Marburg, Germany, 11 September 2012
SB010 was safe and well-tolerated across all dose levels
Phase IIa proof-of-concept trial filed with regulatory agencies
sterna biologicals GmbH & Co. KG (“sterna biologicals”) announced today that SB010, a DNAyzme-based GATA-3 antagonist for the treatment of moderate to severe Th2-driven asthma, successfully completed its comprehensive Phase I development programme.
In three clinical trials encompassing a total of 108 healthy subjects and mild asthmatics, safety, tolerability, and pharmacokinetics were assessed. SB010 was safe and well-tolerated across all dose levels.
The three clinical trials were:
- NCT01470911, a single ascending dose study in 48 healthy subjects,
- NCT01554319, a multiple ascending dose study in 36 healthy subjects, and
- NCT01577953, a single ascending dose study in 24 mild asthmatics with airway hyperreactivity.
Overall, no severe adverse events occurred and adverse events were limited and fully resolved at the end of the study periods. A 60 day follow-up visit performed in each of the trials did not reveal any medically relevant changes. Pharmacokinetics demonstrated rapid appearance of SB010 in plasma and subsequent swift reduction in systemic availability with no accumulation effects. Laboratory parameters, ECG, and vital signs were within the reference ranges.
Dr. Joachim Bille, Managing Director, commented: “These excellent clinical results once again confirm the expected good safety profile of our DNAzyme-based drug candidates. The combination of local application, highly specific mechanism of action, and endogenous enzymatic activity make DNAzymes a promising therapeutic class.”
Sterna biologicals is also pleased to announce that it has filed a Phase IIa proof-of-concept trial with regulatory agencies. This trial will assess safety, tolerability, efficacy, pharmacokinetics, and pharmacodynamics of SB010 in asthmatic patients. The trial will be conducted in seven study centres in Germany and is expected to complete in H1 2013.

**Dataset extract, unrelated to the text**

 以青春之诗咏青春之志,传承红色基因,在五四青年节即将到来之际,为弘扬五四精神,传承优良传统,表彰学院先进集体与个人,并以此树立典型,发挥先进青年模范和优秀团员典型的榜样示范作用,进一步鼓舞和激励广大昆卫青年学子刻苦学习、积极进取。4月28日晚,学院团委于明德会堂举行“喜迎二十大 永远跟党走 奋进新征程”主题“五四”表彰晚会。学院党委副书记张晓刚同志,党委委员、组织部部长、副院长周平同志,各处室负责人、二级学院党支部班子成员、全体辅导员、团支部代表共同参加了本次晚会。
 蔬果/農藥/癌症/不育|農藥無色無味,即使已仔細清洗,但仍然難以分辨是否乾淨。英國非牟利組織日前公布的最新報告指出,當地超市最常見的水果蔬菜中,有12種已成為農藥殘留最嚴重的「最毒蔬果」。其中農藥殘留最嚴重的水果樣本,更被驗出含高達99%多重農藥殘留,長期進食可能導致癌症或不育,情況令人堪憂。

Dr. Joachim Bille added: “We look forward to our upcoming proof-of-concept trial, which marks the first ever evaluation of inhaled DNAzymes for efficacy in patients.”

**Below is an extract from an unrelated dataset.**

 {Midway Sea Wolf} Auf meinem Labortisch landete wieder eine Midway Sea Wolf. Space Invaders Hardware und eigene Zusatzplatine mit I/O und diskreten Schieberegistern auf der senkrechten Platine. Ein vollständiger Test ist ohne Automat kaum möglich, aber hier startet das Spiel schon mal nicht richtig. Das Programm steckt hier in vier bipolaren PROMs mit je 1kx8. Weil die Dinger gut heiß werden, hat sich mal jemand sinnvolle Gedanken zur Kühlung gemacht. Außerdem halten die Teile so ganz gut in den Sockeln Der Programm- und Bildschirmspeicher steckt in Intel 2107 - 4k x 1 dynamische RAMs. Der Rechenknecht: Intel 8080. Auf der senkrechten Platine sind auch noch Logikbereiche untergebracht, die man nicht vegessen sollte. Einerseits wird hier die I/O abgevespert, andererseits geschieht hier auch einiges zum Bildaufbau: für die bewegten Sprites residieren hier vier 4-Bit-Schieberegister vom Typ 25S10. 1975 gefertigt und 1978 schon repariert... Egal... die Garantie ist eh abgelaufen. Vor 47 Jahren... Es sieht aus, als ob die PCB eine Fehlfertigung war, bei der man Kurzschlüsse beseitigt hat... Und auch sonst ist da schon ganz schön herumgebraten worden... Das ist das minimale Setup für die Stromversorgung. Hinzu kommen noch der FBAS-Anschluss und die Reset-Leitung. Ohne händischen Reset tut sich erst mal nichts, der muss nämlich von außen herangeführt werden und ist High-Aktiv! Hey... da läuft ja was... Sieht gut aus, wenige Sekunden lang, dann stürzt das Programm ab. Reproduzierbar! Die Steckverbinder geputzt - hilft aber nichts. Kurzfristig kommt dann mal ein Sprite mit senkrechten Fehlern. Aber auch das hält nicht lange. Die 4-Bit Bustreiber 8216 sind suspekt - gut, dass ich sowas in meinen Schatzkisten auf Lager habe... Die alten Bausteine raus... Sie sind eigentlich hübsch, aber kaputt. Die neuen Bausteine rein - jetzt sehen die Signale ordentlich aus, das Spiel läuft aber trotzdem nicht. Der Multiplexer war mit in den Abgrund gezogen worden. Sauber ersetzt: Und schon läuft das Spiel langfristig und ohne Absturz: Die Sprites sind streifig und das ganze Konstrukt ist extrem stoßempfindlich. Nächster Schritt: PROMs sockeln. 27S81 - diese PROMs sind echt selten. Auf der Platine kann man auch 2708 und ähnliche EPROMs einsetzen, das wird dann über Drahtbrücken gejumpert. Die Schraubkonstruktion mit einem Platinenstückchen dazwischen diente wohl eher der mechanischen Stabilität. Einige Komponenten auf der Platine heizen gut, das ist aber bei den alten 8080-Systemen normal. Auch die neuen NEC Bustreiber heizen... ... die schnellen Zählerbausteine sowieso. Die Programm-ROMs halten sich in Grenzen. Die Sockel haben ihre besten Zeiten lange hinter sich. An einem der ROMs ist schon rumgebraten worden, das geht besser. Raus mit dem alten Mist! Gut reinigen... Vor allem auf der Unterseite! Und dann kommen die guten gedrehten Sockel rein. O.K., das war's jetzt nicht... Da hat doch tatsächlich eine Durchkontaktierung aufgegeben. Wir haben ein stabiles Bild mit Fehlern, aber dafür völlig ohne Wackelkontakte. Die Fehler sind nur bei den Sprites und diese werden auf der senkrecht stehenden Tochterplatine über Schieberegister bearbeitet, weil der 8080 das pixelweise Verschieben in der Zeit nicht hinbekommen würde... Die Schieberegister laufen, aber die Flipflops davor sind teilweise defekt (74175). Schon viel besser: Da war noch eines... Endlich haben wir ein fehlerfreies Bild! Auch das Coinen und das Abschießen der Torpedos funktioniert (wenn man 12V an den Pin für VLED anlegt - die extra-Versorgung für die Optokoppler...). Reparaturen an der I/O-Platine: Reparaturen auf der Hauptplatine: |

sterna biologicals’ drug candidate SB010 is an inhaled DNAzyme-based GATA-3 antagonist. GATA-3 is the master transcription factor in regulating Th2-driven inflammatory diseases such as asthma. It is generally accepted that GATA-3 is necessary and sufficient for the production of key cytokines interleukin (IL)-4, IL- 5, and IL-13, which cause inflammation. In pre-clinical development, SB010 significantly reduced expression of these cytokines and was safe and well-tolerated in toxicological studies with negligible side-effects. DNAzymes are single-stranded DNA molecules comprising a catalytic domain flanked by two binding domains. The binding domains attach to a specific sequence of targeted mRNA (antisense), in case of SB010 GATA-3 mRNA. After binding to the target, the catalytic domain then cleaves the mRNA, thereby inhibiting relevant cytokine expression.
Asthma is a major chronic inflammatory disease of the airways affecting an estimated 300 million people worldwide. In OECD countries, prevalence is around 10% and increasing, with greater than average prevalence amongst women, children, and the elderly.